Little more can be added to the conversation when it comes to Mala, such is the extent of attention that he has received in his illustrious career. Founder of Deep Medi Musik and co-founder of DMZ, Mark Lawrence sits among a small group of producers regarded as the originators of dubstep. Deep, rumbling numbers marked his style as unique from many of his peers, though his dread-inspired works still demonstrate a versatile and creative producer.
Returning to centre stage again for various festival appearances in the coming months, Mala is the latest artist to be celebrated in our Essential Listening series.
Not everyone can sample someone as talented as Alicia Keys and flip it for a whole new audience, and that’s exactly what Mala did with “Alicia”. Channeling a calmer and more sensual vibe, especially with that driving bassline and minimal drums, Mala simply lets the melody and the vox be the main focus of the track. For me, this is one of those “game-changing” tunes, especially in the real of chilled dubstep and future garage. If a smile doesn’t come to your face when this plays, you’re just wrong.
Miracles (Commodo remix)
I think this was the first Mala tune I ever heard (...I know I’m a philistine/latecomer, calm down)... Pretty sure this was played at my very first SubDub...and rightly so! To me, the drums and percussion are rhythmic enough to suggest a drummer just played them in live, especially when the various bass tones and rhythms kick in. It’s always fun to mimic playing the drums whilst you’re skanking hard, wearing the universally accepted “bass-face”. This track is one my favourites, and when played on an insane system, you’ll see why.
Changes (James Blake Remix)
I’d say this is one of his more ethereal and unexpected bangers to ever grace wax and peoples’ ears. Credit where it’s due: the original is a banger as well, but I personally prefer this atmospheric rework. With this more melodic, strange and somewhat ambient take, James Blake transforms “Changes” into something alien and certainly unexpected. This is the kind of tune that can make a statement at any point of a set: it could throw the crowd off onto a new section or reinforce the “innocent-but-dark fairytale” vibe it cultivates so well.

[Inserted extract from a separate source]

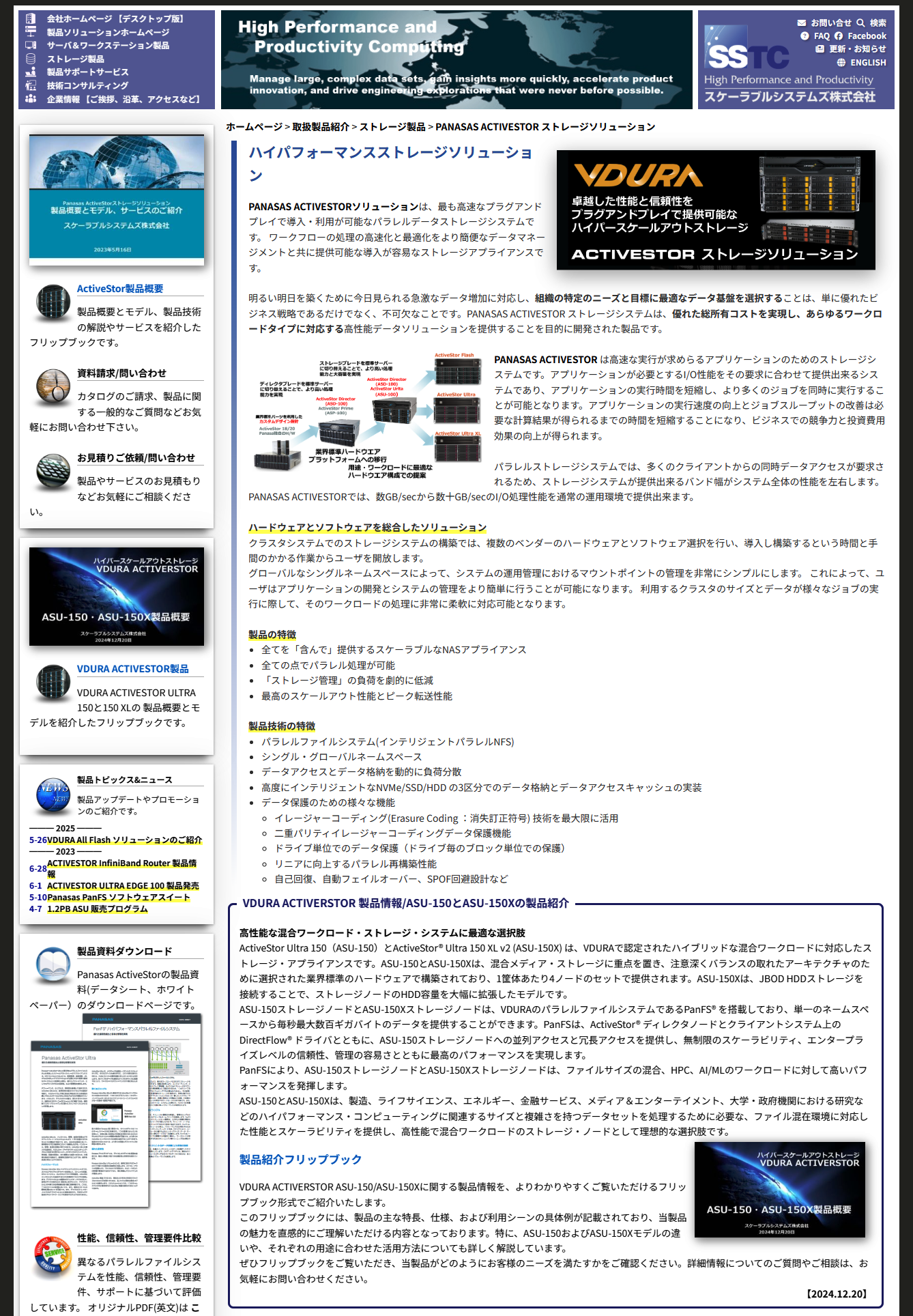 Scalable Systems は20年以上にわたり、Panasas / VDURA 並列ストレージの導入および運用支援に携わってきました。 現在も、過去に導入された Panasas / ActiveStor システムに対するサポートおよび技術支援を継続しています。 保守対応、障害対応、構成確認、移設やリプレースのご相談など、既存環境の運用に必要な技術支援を行っています。 研究機関・大学・企業の HPC 環境におけるストレージ運用の経験をもとに、実運用に即した技術支援を提供しています。

By now, it’s fair to say Mala has a thing for swing hi-hats. That’s not a complaint, it works! Especially with “Lean Forward.” I’d say this is one of the more beat driven tunes in his repertoire, giving much more focus on the drums, percussion and sound effects. To me, it’s reminiscent of Benga’s style of production: people might have confused this track for one of Benga’s, and that makes sense to me. The melody is there too but it takes a back seat this time to the other elements...that is until around 3 minutes in when everything changes and the playing field is leveled out again. The structuring of this tune keeps you guessing whilst the bass guides you through the journey, resulting in more bass faces and gun finger salutes on the dancefloor.
I’ll be honest - I hadn’t heard of this one until doing this review...but i’m glad about that… WHOA.
I think this beat is much more reminiscent of early grime tunes...it’s probably been used on Fire In The Booth. This is another of his more beat driven bangers but obviously has his signature sound… but when that horn comes in to accent the minimal melody, you’ve just found yourself skanking to another glorious part of one of his masterpieces. Next time I hear this getting dropped somewhere, I know what part I’ll be skanking to just to throw people off.
Hardly short of festival experience as it is, Mala will get plenty more this year, starting off with a spell at London’s Hospitality In The Dock at the end of this month. Moving into the summer months, both Dimensions and Outlook claim his services at Fort Punta Christo in Croatia at the start of September.